The basic workflow required for the analysis is as follows: raw sequencing reads must be quality controlled before alignment to a reference genome ("mapping"). The successfully mapped reads may then be filtered to remove both low-quality reads and PCR duplicates. In order to visualize these mapped and filtered reads, it is necessary to calculate the "coverage" of these reads across the genome. This generates a file that can be uploaded to a genome browser such as multi-locus view (MLV) or the UCSC genome browser as a "track"⁶^,⁷. Peak identification, or "peak calling" of these coverage tracks is typically achieved using tools such as LanceOtron or MACS2⁸^,⁹. Finally, through the analysis of peak location, shape, and size comparisons can be made between samples or biological conditions. The analysis and integration of these datasets is a complex multi-step process in which different combinations of bioinformatic tools can be implemented. Different versions of the tools may be incompatible with one another and may change the output of the data processing. There is also a wide variety in the computational power and user proficiency required to implement different parts of data processing as shown in nf-core¹⁰, panpipes¹¹, genpipes¹², PEPATAC¹³, or ChIP-AP¹⁴ pipelines.

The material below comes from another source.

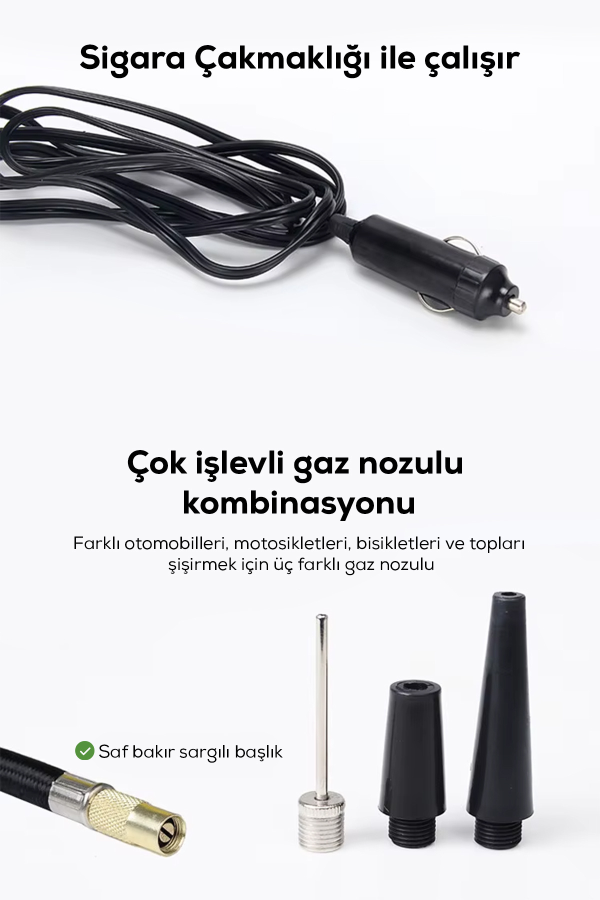 Çok Fonksiyonlu 12V Kompresör – Top, Bisiklet ve Araç Lastiği Şişirme

Overall, this has led to inconsistencies in both the analysis and the reporting of the analysis, which has, in turn, led to poor reproducibility, accessibility, and convenience for anybody with limited knowledge of bioinformatics. We address all these problems with CATCH-UP (complete ATAC-seq and ChIP-seq upstream pipeline), an easy-to-use, flexible, and modular pipeline for processing ChIP-seq and ATAC/DNase- seq data. The implementation of CATCH-UP requires minimal bioinformatics experience; it can be run on various computing infrastructures and enables reproducible data analysis within and across research groups.

CATCH-UP is a Python-based Snakemake pipeline built to standardize the analysis of ChIP-seq and ATAC-seq data. It takes raw sequencing data (fastq.gz files) as input and generates an output in the form of peak (.bed) files providing the respective outcome for each step. We provide a configuration file in yaml format (config.yaml), in which the user can edit the parameters of each analysis step. The management system implemented within snakemake enables the use of different computing infrastructures (such as servers, clusters, cloud systems, or personal computers) and in parallel if the user provides a large amount of data.

Below, we provide a detailed description of each step of the workflow (see Figure 1 for the workflow illustration). This explanation is essential in order to follow the step-by-step in the protocol section:

Move fastq: the first step of the pipeline is to copy the raw fastq files into the named analysis directory. This leaves the original data untouched to avoid corrupting or modifying the raw data files.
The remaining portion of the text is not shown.